__ASSIGNMENT__. Extract the stretch of lines that starts at the line with "Nog meer Hollanders" and ends at the last line of the data below. Give it exactly, without pictures.

__RECORDS FOR THIS TASK__.
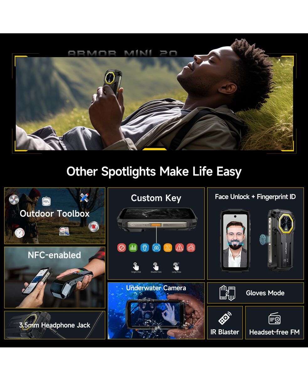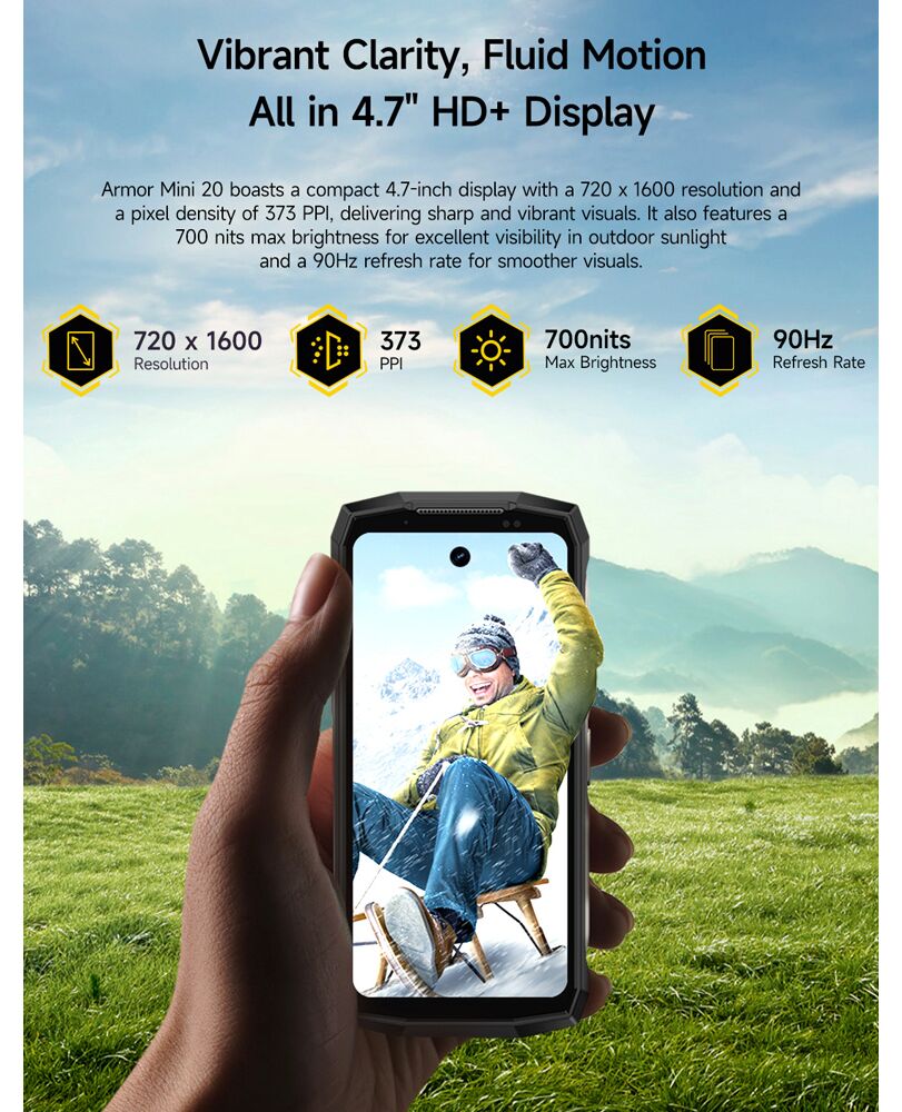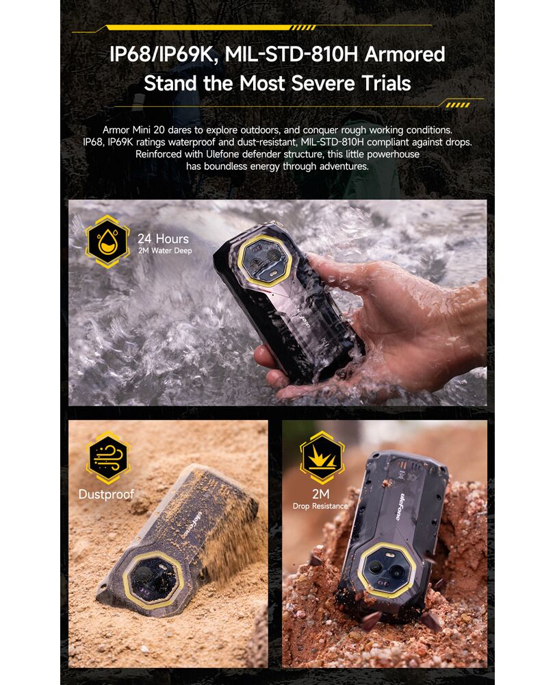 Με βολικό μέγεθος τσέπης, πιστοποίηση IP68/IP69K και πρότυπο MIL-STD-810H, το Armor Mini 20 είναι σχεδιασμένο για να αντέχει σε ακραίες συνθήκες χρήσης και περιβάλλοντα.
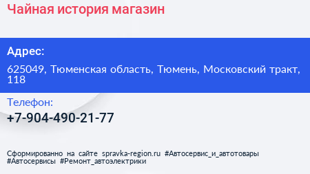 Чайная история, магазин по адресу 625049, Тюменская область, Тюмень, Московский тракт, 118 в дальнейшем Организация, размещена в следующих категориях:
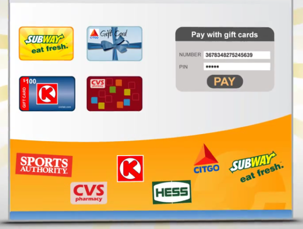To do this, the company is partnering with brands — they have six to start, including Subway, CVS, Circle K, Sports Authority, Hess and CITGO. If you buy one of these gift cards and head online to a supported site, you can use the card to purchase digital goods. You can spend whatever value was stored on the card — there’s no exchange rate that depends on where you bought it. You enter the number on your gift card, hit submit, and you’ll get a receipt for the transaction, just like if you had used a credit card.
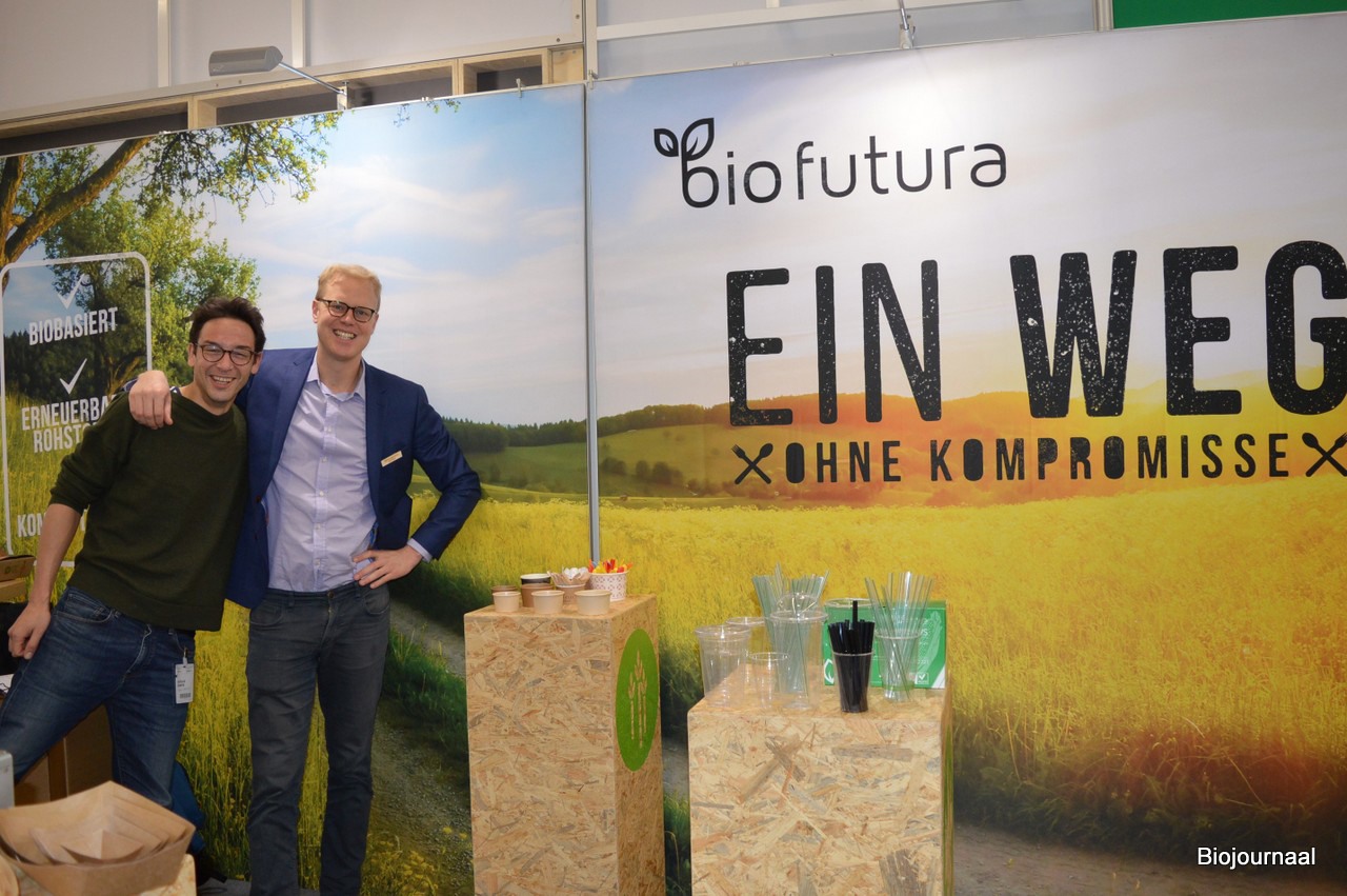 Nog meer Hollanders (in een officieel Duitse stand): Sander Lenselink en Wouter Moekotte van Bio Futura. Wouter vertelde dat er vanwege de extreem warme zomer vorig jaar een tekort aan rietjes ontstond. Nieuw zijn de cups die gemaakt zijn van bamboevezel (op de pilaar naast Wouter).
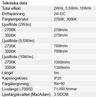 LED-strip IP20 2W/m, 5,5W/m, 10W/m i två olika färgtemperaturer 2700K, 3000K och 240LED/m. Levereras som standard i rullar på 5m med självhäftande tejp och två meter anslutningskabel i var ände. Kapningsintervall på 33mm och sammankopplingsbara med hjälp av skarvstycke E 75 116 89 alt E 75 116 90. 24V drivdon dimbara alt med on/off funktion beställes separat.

__RESPONSE TO THE TASK__.
 Nog meer Hollanders (in een officieel Duitse stand): Sander Lenselink en Wouter Moekotte van Bio Futura. Wouter vertelde dat er vanwege de extreem warme zomer vorig jaar een tekort aan rietjes ontstond. Nieuw zijn de cups die gemaakt zijn van bamboevezel (op de pilaar naast Wouter).
 LED-strip IP20 2W/m, 5,5W/m, 10W/m i två olika färgtemperaturer 2700K, 3000K och 240LED/m. Levereras som standard i rullar på 5m med självhäftande tejp och två meter anslutningskabel i var ände. Kapningsintervall på 33mm och sammankopplingsbara med hjälp av skarvstycke E 75 116 89 alt E 75 116 90. 24V drivdon dimbara alt med on/off funktion beställes separat.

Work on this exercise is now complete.